Every day, those of us involved in financial literacy education hear stories of young people who, because of their naive abuse of consumer credit and its negative effect on their credit scores, lose out on jobs, apartments, student loans, admission to graduate schools, car loans and other consequences.
Here are some things that you can do to help your students prepare financially for college and life:
Promote effective personal finance education
You would be shocked at what students don’t know about things like credit cards, credit terms, compound interest and fees. Even if your school does have a financial literacy program, if there is a local CARE Program in your area (check at careprogram.us), you could encourage your school to schedule a CARE presentation for your juniors and seniors. CARE makes bankruptcy professionals available to high schools and colleges in 32 states and D.C. to make presentations that raise students’ financial IQs and help them avoid unnecessary consumer debt.

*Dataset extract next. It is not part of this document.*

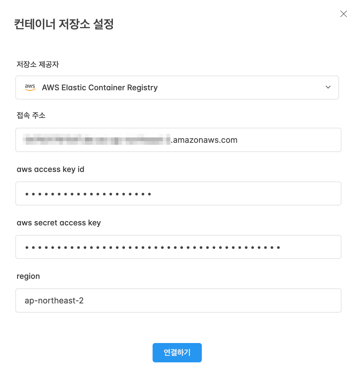 - 접속 주소: 1번 과정에서 확인한 ECR 접속 주소

Suggest a visit to the CARE Program Web site
Encourage your students and their parents to visit the CARE Web site. There, they can increase their financial IQ by reviewing handouts, videos and personal finance articles, including a series of articles from The Next Step Magazine. The Web site also has links to other helpful financial Web sites and books.
Encourage students and parents to work together to create a college budget
Sixty-eight percent of students say they never really spoke with their parents in any detail about finances, and few college students say they worked with their parents to create a college budget.

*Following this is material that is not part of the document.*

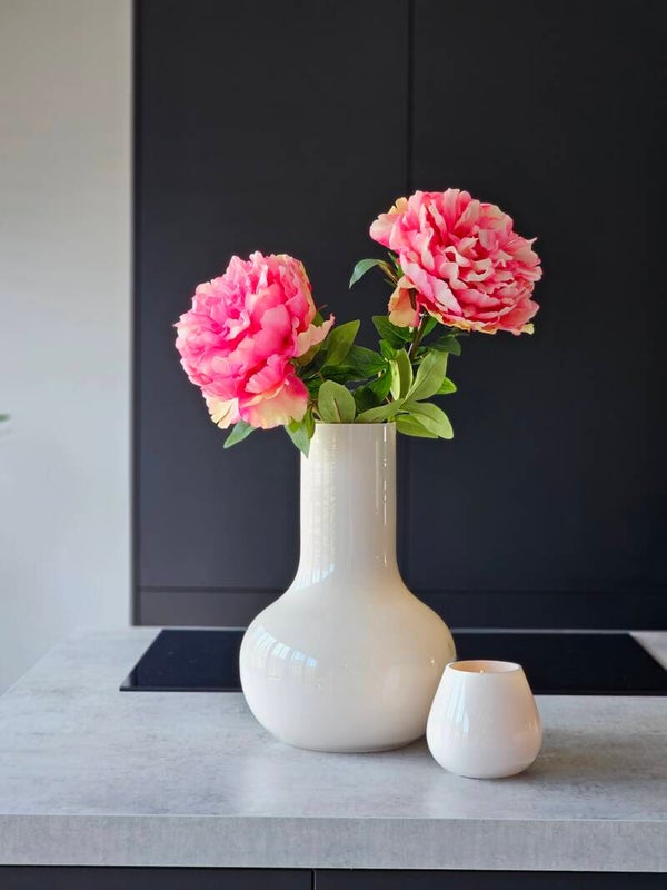 Chique, sereen en tijdloos dat vinden wij wel van de Seim Ivory S. Doe er een losse tak in, mooie pioenrozen of een groot boeket, je kunt werkelijk alle kanten op met deze sfeervolle vaas.

On the CARE Program Web site, you will find a handout, “Creating a Realistic College Budget That You Can Stick to.” Print off copies for your students—then encourage them to go home and work through it with their parents.
Provide your students with important financial tips
Also online is CARE’s “Top 10 Financial Tips for High School and College Students.” This is a set of important lessons, tactics and techniques that you can encourage your students to read and keep in their college folders.
It includes tips such as the importance of having savings for emergencies, looking for little ways to save money, avoiding credit card debt, using cash and avoiding trying to “keep up” with wealthier students.
Send this article to the parents of your juniors and seniors
What difference will it make? If you don’t help your students increase their financial IQ, you may find that even your academically accomplished students may have trouble in and after college. You are in the perfect position to help make sure this doesn’t happen.
I hope you will take up the challenge and promote personal finance education in your school district.